Troi or Geordie says that it's unusual to recreate people from your life. But I'm not sure why that would be the case.
Maybe it's against the "Guidelines For Holodeck Use" pamphlet and most people obey that. ;)

Perhaps it's not illegal. Perhaps it's just "frowned upon", morally. Kind of like over-eating?* We all know it happens, some of us may even be guilty of doing it, but we're not supposed to.

* I had to think really hard for a real life example of something that wasn't illegal but was "frowned upon"! I hope you catch my drift.
 
I get the feeling that psychiatrists and medical practitioners would discourage somebody from recreating a deceased loved one as a hologram. They need to grieve over their loss but they also need to eventually move on and accept their passing.
 
Either
1 Bajoran law had not considered this possibility - it is unknown whether the Bajorans had holotechnlology prior to the Cardassian occupation, but if they did not, it is unlikely that the Cardassians would have shared it. Hence it was not illegal (although it probably became so fairly soon after).

or
2 Kira got more satisfaction out of pranking the customer and letting Quark face the music that way, than by actually putting him in the brig for it.
 
Soong made a sentient android with the memories of his wife.
I think it went farther than simply that. I'm not disputing your point of her being a facsimile, just that she was more than only an android with transplanted memories. It was synapse scanning. It was personality traits engendered. He created Juliana. It wasn't the real her, but she thought she was. She behaved & reacted the same way

The Enterprise computer made a facsimile of Leah Brahms that was only a potential 13% off from the real her, using nothing more than writings, log entries, symposium appearances, etc. I have to believe that Soong using actual scans of someone's synapses could get an even closer likeness, maybe less than 5% in potential behavior discrepancy. It was close enough that he, himself noticed so little difference that he stayed married to her for years afterward, & reflects on her leaving him as something the real woman would have done too
 
If the holodeck can create a representation of anyone, such as the episode where Geordie can create Leah Brahms with I believe only a 13% error, how would this change the way people experience loss?

There was that episode The Bonding where an alien pretends to be the kid's recently dead mom. The crew helps him let go of that alien. But the show doesn't deal with the fact he could have popped into the holodeck the next day and had another fake mom.

Welsey could have spent time with a holodeck version of his dad.

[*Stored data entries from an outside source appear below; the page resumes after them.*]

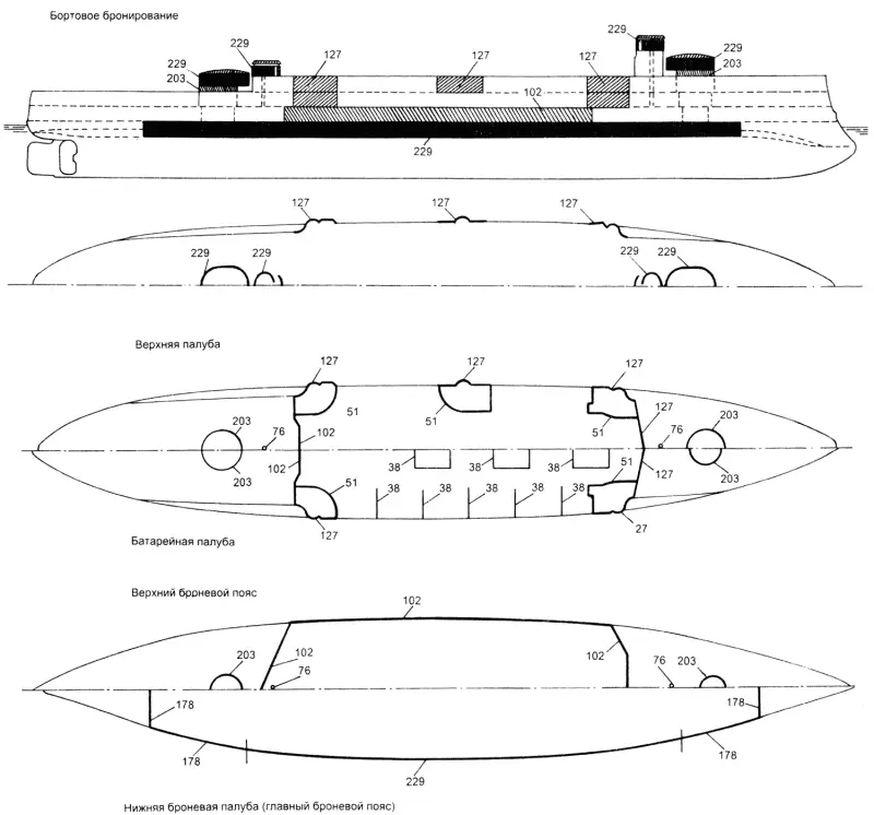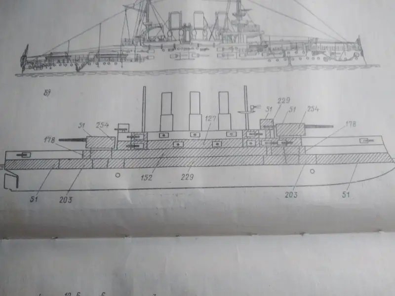 4. Появление цементированной брони. Данное новшество позволило создавать более тонкие, а значит – и более легкие бронеплиты в сравнении с нецементированной броней, при равной их стойкости. А это, в свою очередь, позволяло либо увеличить площадь бронирования борта либо облегчить вес брони в пользу угольных запасов, что позволяло увеличить дальность хода корабля. На этапе проектирования «Пересветов» удалось не только обеспечить им весьма мощную «эскадренноброненосную» защиту английского типа, но и довести полный запас угля до 2058 т против 1050 т у броненосцев типа «Полтава». При этом ожидалось (увы, ошибочно), что применение трехвальной энергетической установки позволит увеличить дальность экономическим ходом в режиме работы одной машины из трех (средней). Все это, опять же в теории, позволило спроектировать броненосцы с увеличенной дальностью хода, пригодные к использованию в крейсерских операциях.
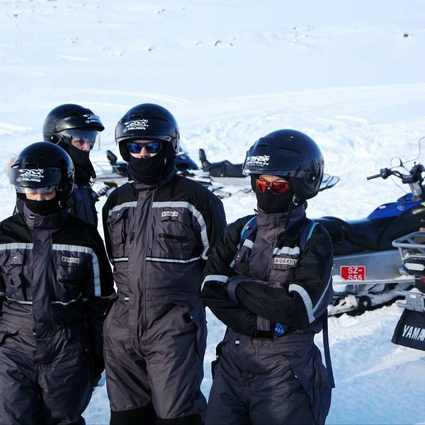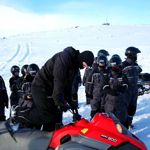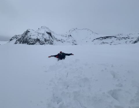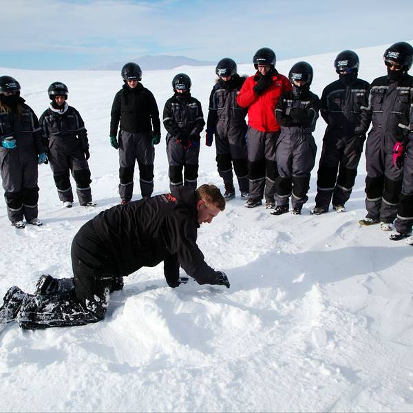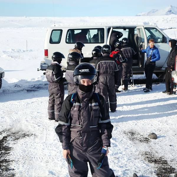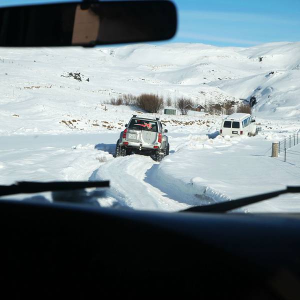 自由活动了一会儿,向导把大家聚集到一处,在雪地上拍了个地形图出来,跟我们讲了讲冰岛的火山和冰川这段车程大概在20-30分钟左右,很快根据GPS指示,我们就拐上了这条支路,迎面而来的就是米达尔斯冰原了。和想象中的严酷不同,这雪,看着忒萌了。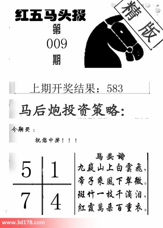 3d第2018009期红五马头报本期马头诗详解: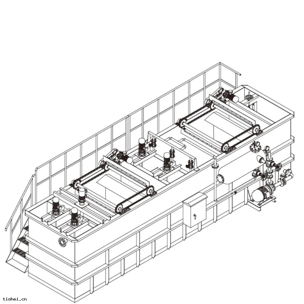 工業加工廢水(shuǐ)處理雙效(xiào)氣浮設備由池體 、渦凹曝氣機、溶氣系(xì)統、管路系(xì)統 、刮渣系(xì)統、電控系(xì)統 、走道爬梯組成(chéng)。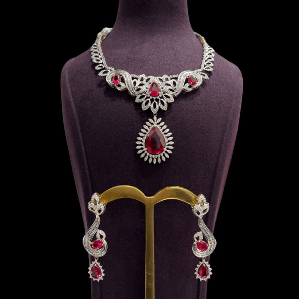 Be the first to review “Red Stone Diamond Necklace Set For Women”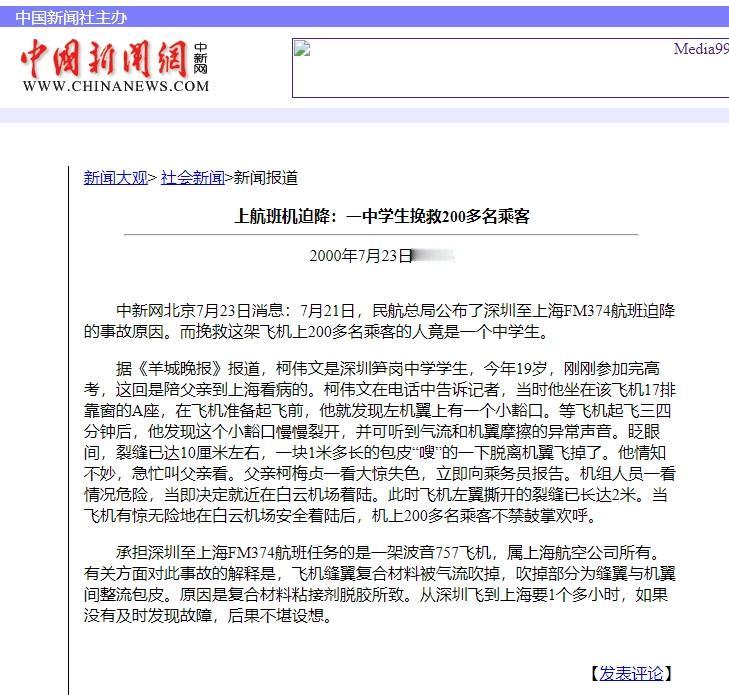 2000年,一中学生乘机去上海,坐在窗边的他,却发现机翼有个小豁口!更要命的是,飞机起飞后豁口慢慢裂开,突然,一大块铁皮竟然脱离机翼飞走了!   当时上海航空公司一架波音757客机准备从深圳飞往上海,飞机本该准时起飞,却因地面检修延误了一个多小时,直到12点29分才在闷热的天气中滑跑升空。   机舱内,乘客们大多放松下来,有人闭眼养神,有人调整座位准备小憩。   坐在靠窗位置的柯伟文却是例外,这是他第一次乘坐飞机,新奇感让他无法入睡,他把注意力转向窗外,仔细眺望那片银色的机翼。   起初,一切看起来正常,但很快,柯伟文注意到左侧机翼上有一个细小裂口,那裂口起先只有几厘米,却在高速气流的冲击下迅速扩大。   他盯着看,只见裂口边缘开始卷曲,内部结构隐约暴露,没过多久,一块超过1米长的蒙皮在强大气流作用下完全脱离,伴随异响消失在机尾后方。   裸露的部分开始摇晃,线路和框架在风中扭曲。这不是普通的颠簸,而是机翼结构严重受损的迹象。   柯伟文立刻意识到问题的严重性,他没有慌张,而是迅速将情况报告给机组人员,飞行员接到通报后,保持冷静,与地面塔台紧急沟通。   考虑到继续飞往上海的风险极大,机长果断决定改飞最近的广州白云机场,同时降低高度和速度,以减轻机翼负担,最终,飞机于13时05分安全迫降,所有乘客和机组成员无一伤亡。   事后检查显示,机翼左侧豁口已扩展到2米以上。那块脱落的蒙皮其实是缝翼与主翼之间的整流包皮,材质为复合材料。   专家调查结论明确:事故根源在于复合材料粘接剂脱胶,导致包皮在飞行中无法承受气动载荷而剥离。   如果裂口继续扩大,可能损伤内部油路、液压系统或电路,甚至引发失控或爆炸,后果不堪设想。   上海航空公司随后对同型号飞机进行全面排查,制造商也承认生产环节的责任,并召回部分批次进行加固维修。   机翼蒙皮并非简单的“铁皮”,它是飞机气动外形的关键组成部分,与骨架共同形成承受升力和扭矩的封闭结构。   现代客机越来越多采用复合材料,以减轻重量提升效率,但粘接工艺一旦出现缺陷,在高空高速环境下就会放大隐患。   这起事件暴露了当时航空制造和维护中的潜在漏洞:复合材料虽先进,却对胶合质量极为敏感,任何微小脱胶都可能在气流撕扯下演变为灾难。   柯伟文的发现,不仅挽救了全机生命,还推动了行业对复合材料粘接标准的反思,类似隐患在其他机型上也曾引发关注,但这次及时干预避免了更大悲剧。   它提醒我们,航空安全从来不是单一环节的责任,而是从设计、生产、检修到飞行全链条的严谨把控,更重要的是,乘客的观察和报告也能成为安全网的最后一环。   如今25年过去,航空技术已大幅进步,复合材料应用更成熟,检测手段更先进,但安全永远没有终点。 信息来源:中新网 上航班机迫降:一中学生挽救200多名乘客
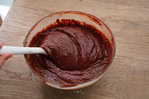 加入融化的巧克力黄油混合物,搅拌均匀。这一步需要保证巧克力黄油混合物的温度在60度以下,以免烫熟鸡蛋。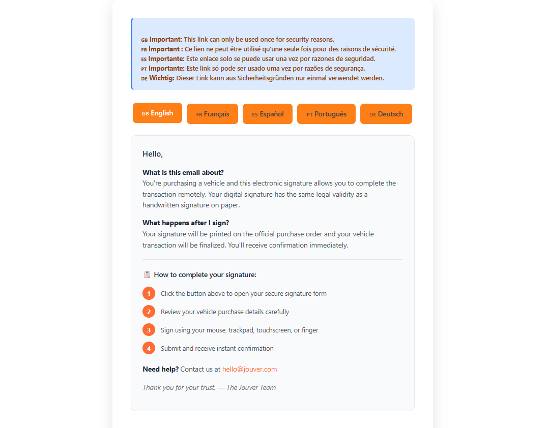 Customer Email: Within minutes, your customer receives the e-signature request email in their inbox. The email comes from your Jouver account and displays your dealership branding.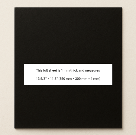 Thickness is 1 mm. Sheet measures 13 5/8″ x 11.8″.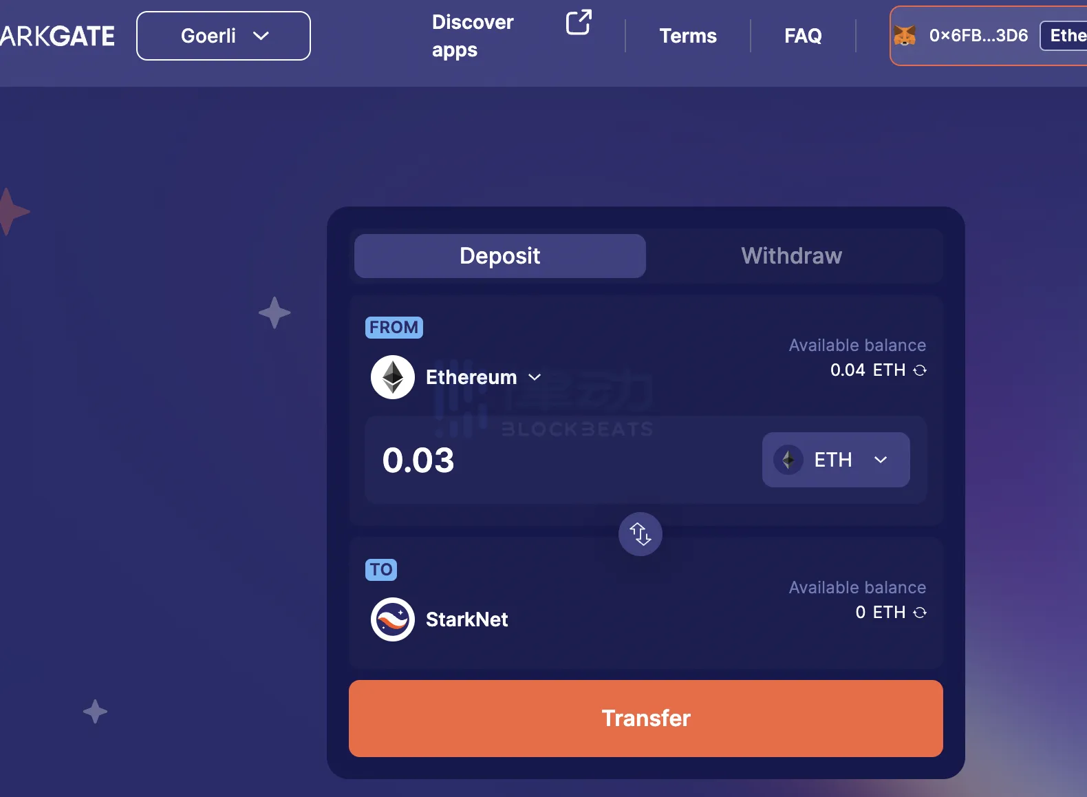 需选择 Goerli 网络,分别连接并授权小狐狸与 Braavos,点击 Transfer 进行跨桥,然后在小狐狸上确认资产跨桥。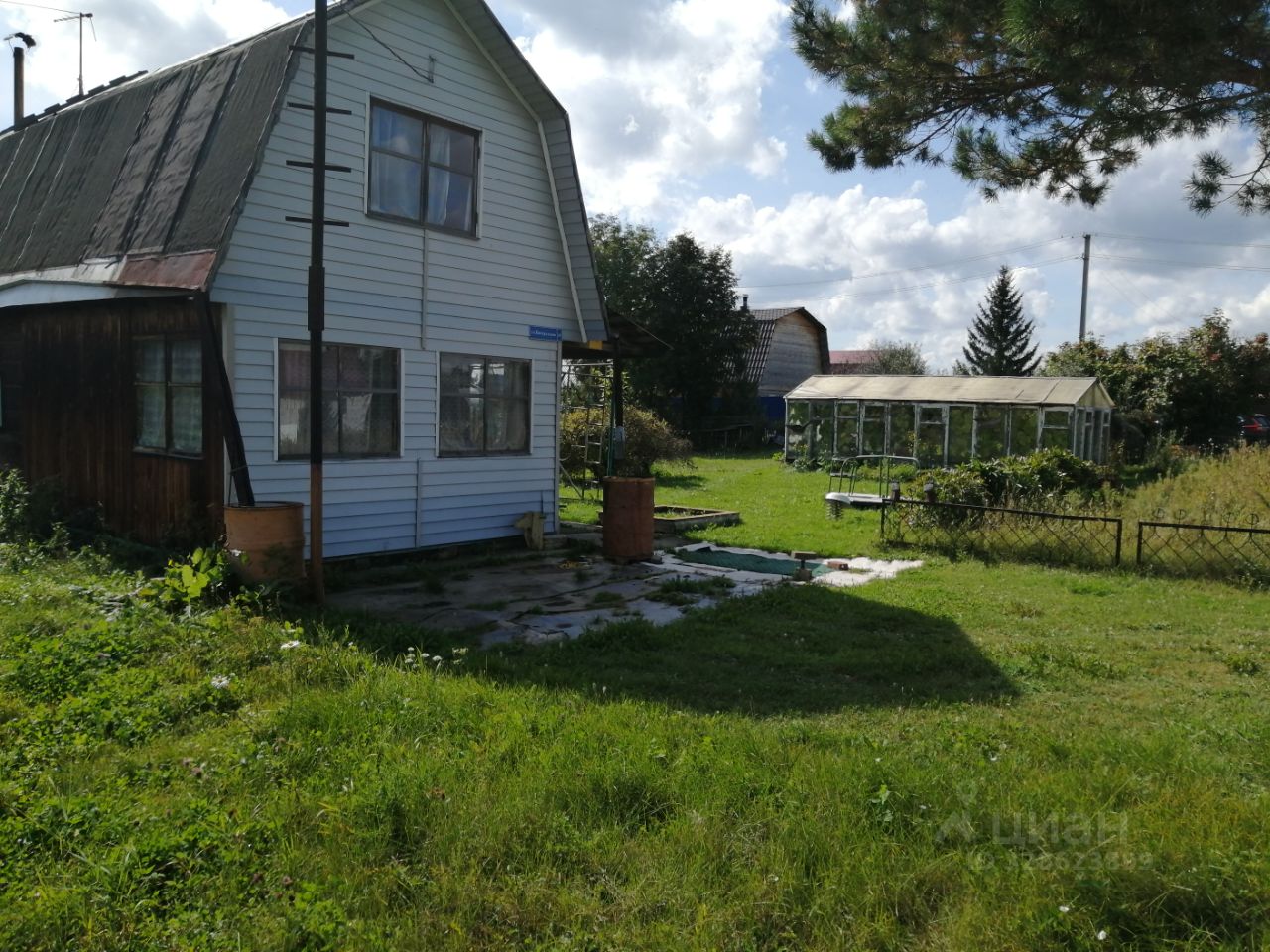 Так же на участке есть детская площадка, теплица. Из посадок жимолость, облепиха, пионы.

Anyone who gets dumped in a relationship could create a virtual version of that other person and continue on in the relationship. You could even pay a doctor to remove the memory of losing them in the first place.

How do you think they stop people from doing that in the trek universe?

Roddenberry had the idea that in 300 years, people in general grieve differently than today because of humanity's different self-conception of their existence. I always liked that idea.
 
Also I imagine people who tried to recreate the woman who dumped them in the holodeck would find it depressing and unfulfilling. You can't have a real human relationship with a person you can control every aspect of.

You wouldn't want the recreation to really be like your ex-girlfriend, you'd want it to be like the idealized perception of her in your memory.
 
I guess that would be illegal anyway.

Now, how about, if you were on a posting away from your other half, and you both had access to holodecks, could the holodecks be tied together through the comm systems so you could still 'interact'?
 
They did just that in the most recent Voyager novel for a memorial service. Holodecks at both ends, tied together by subspace.
 
You wouldn't want the recreation to really be like your ex-girlfriend, you'd want it to be like the idealized perception of her in your memory.

That's the thing though, it doesn't have to be created by you.

The computer can do it based on actual information about her. So you would end up with almost the exact same person, interacting in the same way as if the person was real.

And if we accept data as a person, then this holodeck experience would be no less real than the flesh and blood person.